Aiming at the problem of poor translation effect in the related technology, no effective solution is proposed at present.
Disclosure of Invention
The application mainly aims to provide a neural machine translation method, device and equipment based on an attention mechanism so as to solve the problem of poor translation effect.
To achieve the above object, according to one aspect of the present application, there is provided a neural machine translation method based on an attention mechanism.
The neural machine translation method based on the attention mechanism comprises the following steps: acquiring a source language and a target language during translation, wherein the source language refers to language information needing translation, and the target language refers to language information after translation; calculating distance tensors of the source language and the target language, wherein the distance tensors refer to distance weights; the distance tensor is used in calculating an alignment tensor using an attention mechanism to conform the neural machine translation result to expectations, wherein the alignment tensor is calculated using an alignment function.

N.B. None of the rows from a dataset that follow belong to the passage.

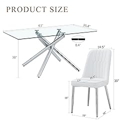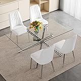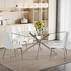 - Bring timeless style and functionality to your home with the glass dining table set for 4. Designed with a 51'' tempered glass tabletop and silver straight metal legs, this small dining table set is both durable and elegant, making it suitable for everyday meals or special occasions. The 5 piece dining table set includes four white faux leather chairs with supportive backrests. Each chair is built with sturdy silver metal legs and adjustable foot pads for added stability, supporting up to 250 lbs. The tempered glass tabletop resists scratches and heat, providing a reliable surface that safely supports up to 300 lbs. Compact in size, this modern dining table set for 4 is an excellent choice for apartments, breakfast nooks, and small dining spaces. With its clean lines and neutral design, this kitchen table and chairs set of 4 blends easily with a variety of interior styles. Whether used as a comedor de 4 sillas y mesa or a juego de comedor 4 sillas y mesa, this sliver glass dining table set offers a practical and lasting addition to your dining room.
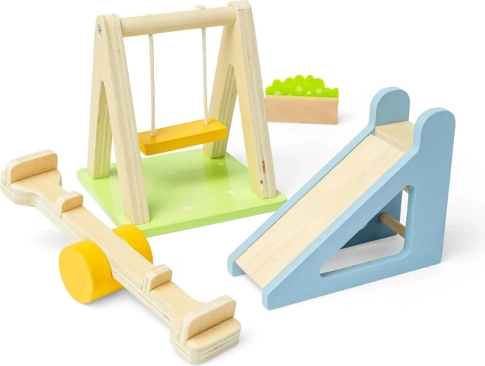 Muuda oma nukumaja aed liikumise ja fantaasia keskuseks. Komplekt sisaldab mänguväljaku lemmikelemente – kiik, liumägi, kaalukiik (kiik) ja dekoratiivne lillepeenar. Tänu siledatele puidust detailidele mahedates pastelltoonides on käsitsemine meeldiv ja turvaline.
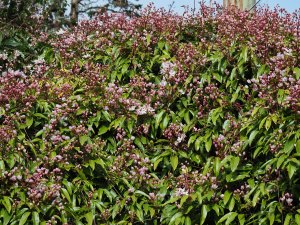 Osmanthus heterophyllus ‘Sasaba’ as an established small tree in full sun. We grow this in shade above Hovel Cart Road.
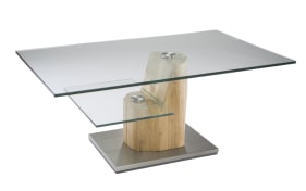 Mittelschrank Kera Plan, polarweiß Hochglanz/Eiche natur Nachbildung
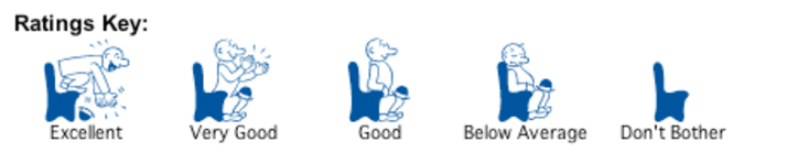 My favorite ratings dingbat has always been the San Francisco Chronicle’s “Little Man” (above), created by staff cartoonist Warren Goodrich in 1942 and still in use today, despite recent castigation of it – him – as a “white supremacist icon,” among other things. The Little Man scale has only five gradations, from full-on out-of-seat aesthetic/orgasmic bliss to an empty theater seat (the Little Man got bored and went home). I like the Little Man, but I doubt he’d work in Boston. He’d probably just sit there, dour as a parson, no matter how he felt about the movie, or maybe he’d throw Dunkins at the screen. Now that I’m on my own, however, I’m willing to reconsider. What about the Five Stages of Bodhi?
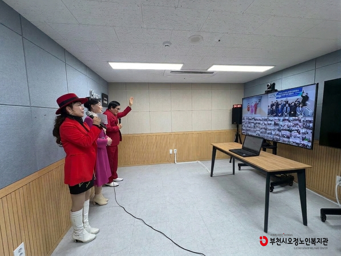 특히 이날 행사에는 스마트경로당을 이용하는 약 2,500명의 어르신이 화상 플랫폼을 통해 실시간으로 참여하며 높은 관심을 보였습니다. 행사에서는 화상장비를 활용한 프로그램 시연이 함께 진행되었으며, 오정노인복지관에서는 노인일자리사업으로 운영되는 ‘부엉이예술단’의 트로트 공연을 우리 복지관 스마트경로당 스튜디오에서 송출하여 어르신들에게 활기찬 문화공연을 선보였습니다.
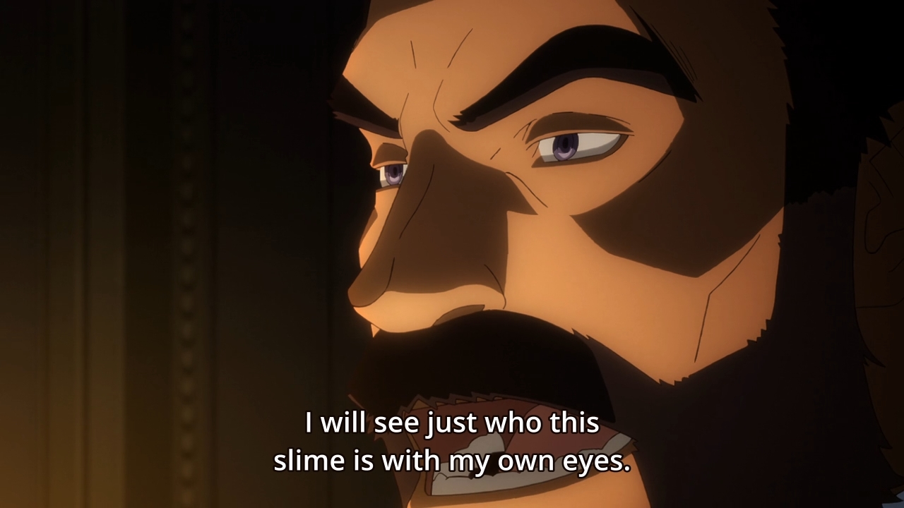 Eventually, news of the orcs’ defeat reaches Gazel. Remember him? He’s king of the dwarf city despite the fact that he doesn’t remotely look like a dwarf. As always, when one nation suddenly becomes powerful, the other nations become wary. So he’s come to see Rimuru personally in order to suss out whether or not the slime might become a threat to Dwargon in the future. So how do we settle this? By having a swordfight, of course. Christ, what a bunch of meatheads. Well, Rimuru is successful in blocking Gazel’s signature move, so that ends the short-lived competition. Not only that, the dwarf sovereign is now convinced that the slime is a good person. Haha, okay. That’s what we need to do. Someone should just challenge Donald Trump to a duel. Afterwards, it’s more talking. Blah blah blah, let’s work together, form a treaty, whatever. Rimuru also finally names his nation. In any other show, I would wonder if Gazel’s intentions are entirely pure. But considering how this is That Time I Got Reincarnated as a Slime, I’m sure everything’s fine and dandy.
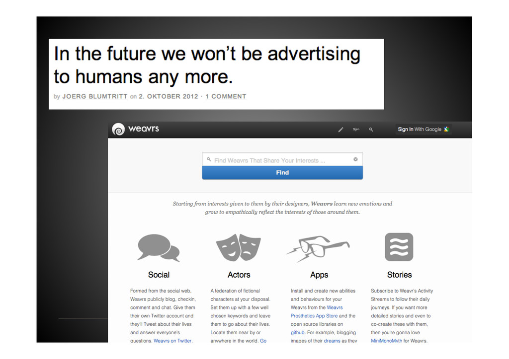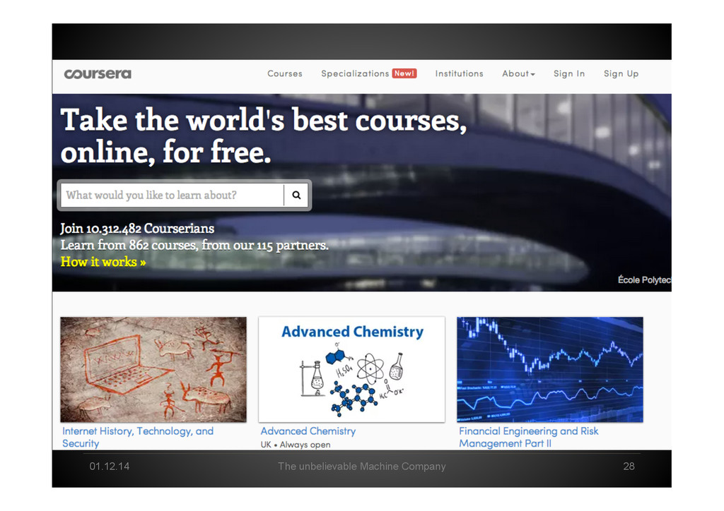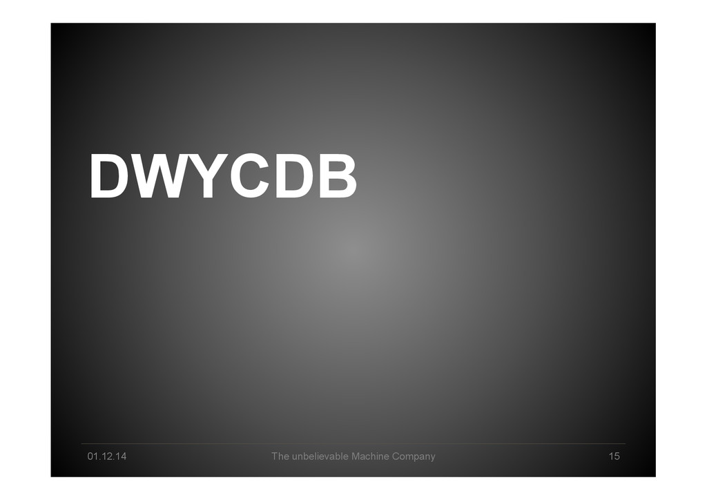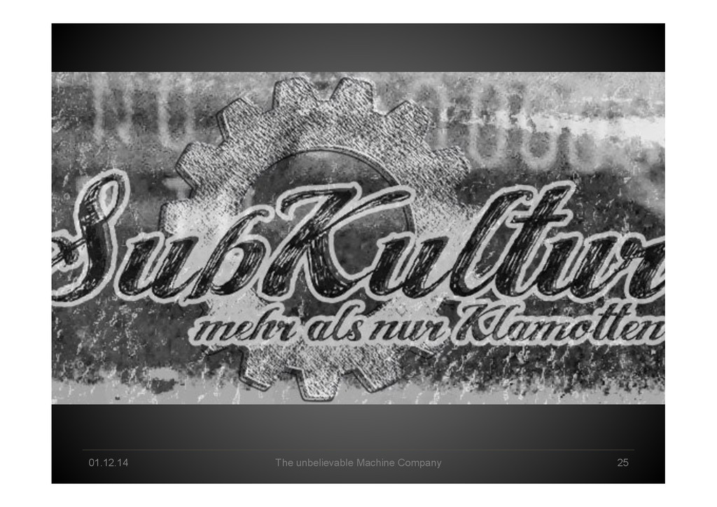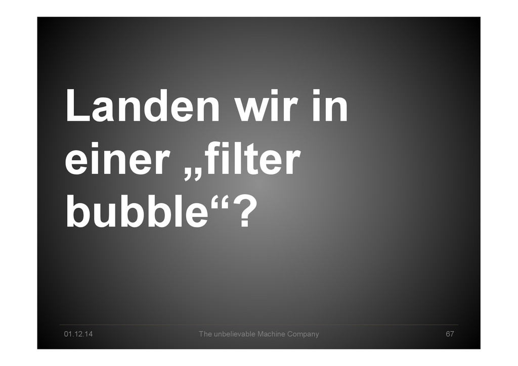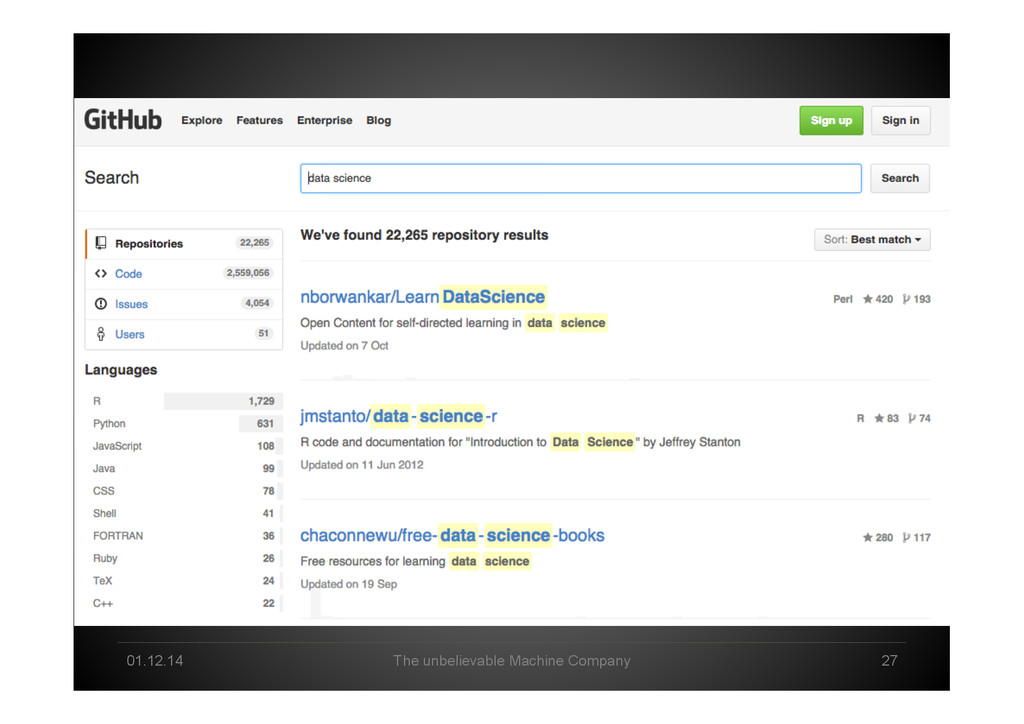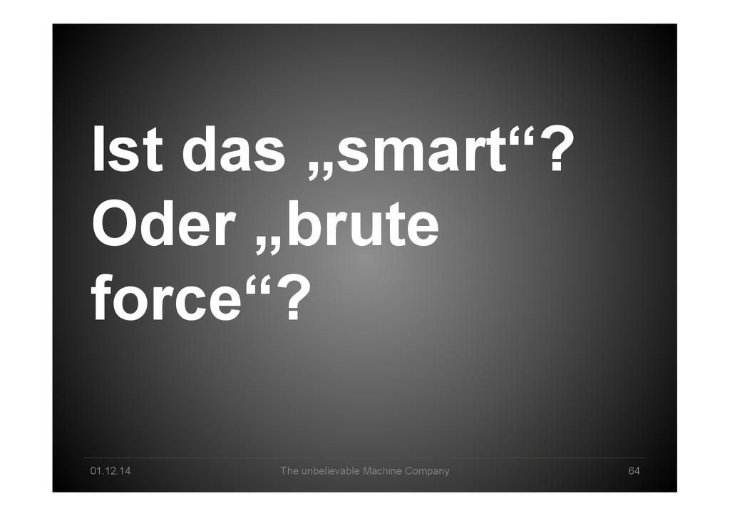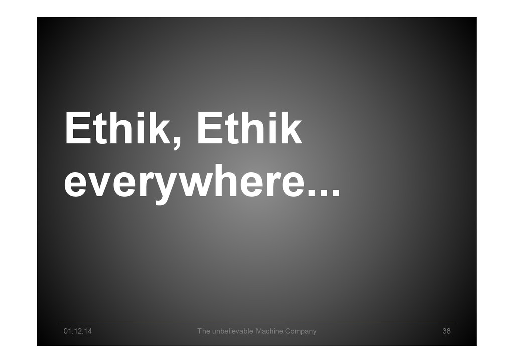 Data Science tomorrow Developer – knowing data & math/stats & applications by heart Professional user – act as a „white layer“ to the black box, know & de<ine input and machine functionalities Explorer – use experience & skills to come up with a profound way to go from data to business value Interpreter – make sense of machine-‐generated hypothesis & con<idence-‐ weighted results, detect „errors“, tune & re-‐run end2end Business-‐Enabler – connect business with big data & create relevant data products Business-‐Supporter – support business operations & be master of the machines?!

Further, using the distance tensor in the process of calculating the alignment tensor using the attention mechanism includes: the distance tensor is introduced into the attention mechanism for calculation, and part of the distance tensor is subtracted from the output alignment tensor based on the attention mechanism.
Further, calculating a distance tensor for the source language and the target language includes: and calculating the distance parameter and carrying into the process of calculating the distance tensor.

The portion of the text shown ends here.